Stored records:
★ ★ ★
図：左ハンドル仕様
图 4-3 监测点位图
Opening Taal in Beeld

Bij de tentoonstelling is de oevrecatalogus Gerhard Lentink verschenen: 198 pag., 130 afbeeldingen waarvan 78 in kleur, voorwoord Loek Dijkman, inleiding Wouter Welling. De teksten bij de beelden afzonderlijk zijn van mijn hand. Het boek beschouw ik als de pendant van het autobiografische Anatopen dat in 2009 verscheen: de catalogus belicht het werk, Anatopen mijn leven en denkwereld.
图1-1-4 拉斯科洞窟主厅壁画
★ ★ ★
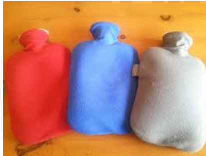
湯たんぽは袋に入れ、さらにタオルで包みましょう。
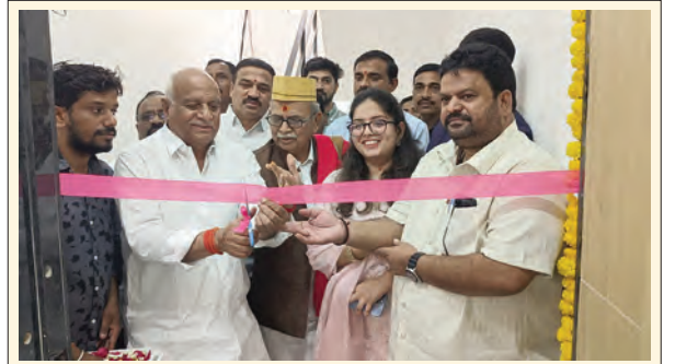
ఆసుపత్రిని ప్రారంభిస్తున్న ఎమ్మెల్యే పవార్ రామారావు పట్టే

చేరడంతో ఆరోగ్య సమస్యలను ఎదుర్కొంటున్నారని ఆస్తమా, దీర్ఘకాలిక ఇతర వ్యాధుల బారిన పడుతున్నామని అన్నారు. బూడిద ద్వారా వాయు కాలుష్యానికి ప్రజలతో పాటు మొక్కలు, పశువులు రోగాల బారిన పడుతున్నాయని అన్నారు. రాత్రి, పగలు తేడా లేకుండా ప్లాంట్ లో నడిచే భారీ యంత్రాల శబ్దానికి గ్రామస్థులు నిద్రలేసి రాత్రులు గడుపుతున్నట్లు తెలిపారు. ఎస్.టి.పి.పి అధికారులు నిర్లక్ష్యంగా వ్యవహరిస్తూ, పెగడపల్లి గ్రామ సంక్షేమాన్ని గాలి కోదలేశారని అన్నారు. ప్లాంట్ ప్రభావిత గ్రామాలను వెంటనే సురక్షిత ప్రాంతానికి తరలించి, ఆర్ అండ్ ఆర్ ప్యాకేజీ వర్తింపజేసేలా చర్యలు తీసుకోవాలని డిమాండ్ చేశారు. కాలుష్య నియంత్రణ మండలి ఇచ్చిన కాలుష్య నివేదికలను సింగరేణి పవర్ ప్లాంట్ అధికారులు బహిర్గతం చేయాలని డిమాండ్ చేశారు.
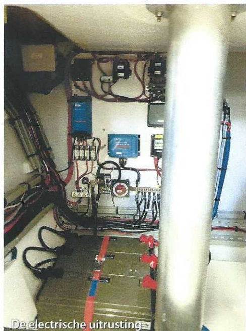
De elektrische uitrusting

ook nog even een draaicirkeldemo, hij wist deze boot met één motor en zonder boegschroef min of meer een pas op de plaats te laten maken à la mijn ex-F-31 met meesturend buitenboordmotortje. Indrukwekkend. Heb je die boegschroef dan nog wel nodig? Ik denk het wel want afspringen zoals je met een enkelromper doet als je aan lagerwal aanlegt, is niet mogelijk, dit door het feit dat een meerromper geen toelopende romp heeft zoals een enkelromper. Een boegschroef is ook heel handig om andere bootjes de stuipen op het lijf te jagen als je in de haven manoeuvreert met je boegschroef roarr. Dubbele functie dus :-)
★ ★ ★
Exercise requirements =>
In the records, locate each line holding the string "mijn" and copy it.

Answer to the exercise =>
Bij de tentoonstelling is de oevrecatalogus Gerhard Lentink verschenen: 198 pag., 130 afbeeldingen waarvan 78 in kleur, voorwoord Loek Dijkman, inleiding Wouter Welling. De teksten bij de beelden afzonderlijk zijn van mijn hand. Het boek beschouw ik als de pendant van het autobiografische Anatopen dat in 2009 verscheen: de catalogus belicht het werk, Anatopen mijn leven en denkwereld.
ook nog even een draaicirkeldemo, hij wist deze boot met één motor en zonder boegschroef min of meer een pas op de plaats te laten maken à la mijn ex-F-31 met meesturend buitenboordmotortje. Indrukwekkend. Heb je die boegschroef dan nog wel nodig? Ik denk het wel want afspringen zoals je met een enkelromper doet als je aan lagerwal aanlegt, is niet mogelijk, dit door het feit dat een meerromper geen toelopende romp heeft zoals een enkelromper. Een boegschroef is ook heel handig om andere bootjes de stuipen op het lijf te jagen als je in de haven manoeuvreert met je boegschroef roarr. Dubbele functie dus :-)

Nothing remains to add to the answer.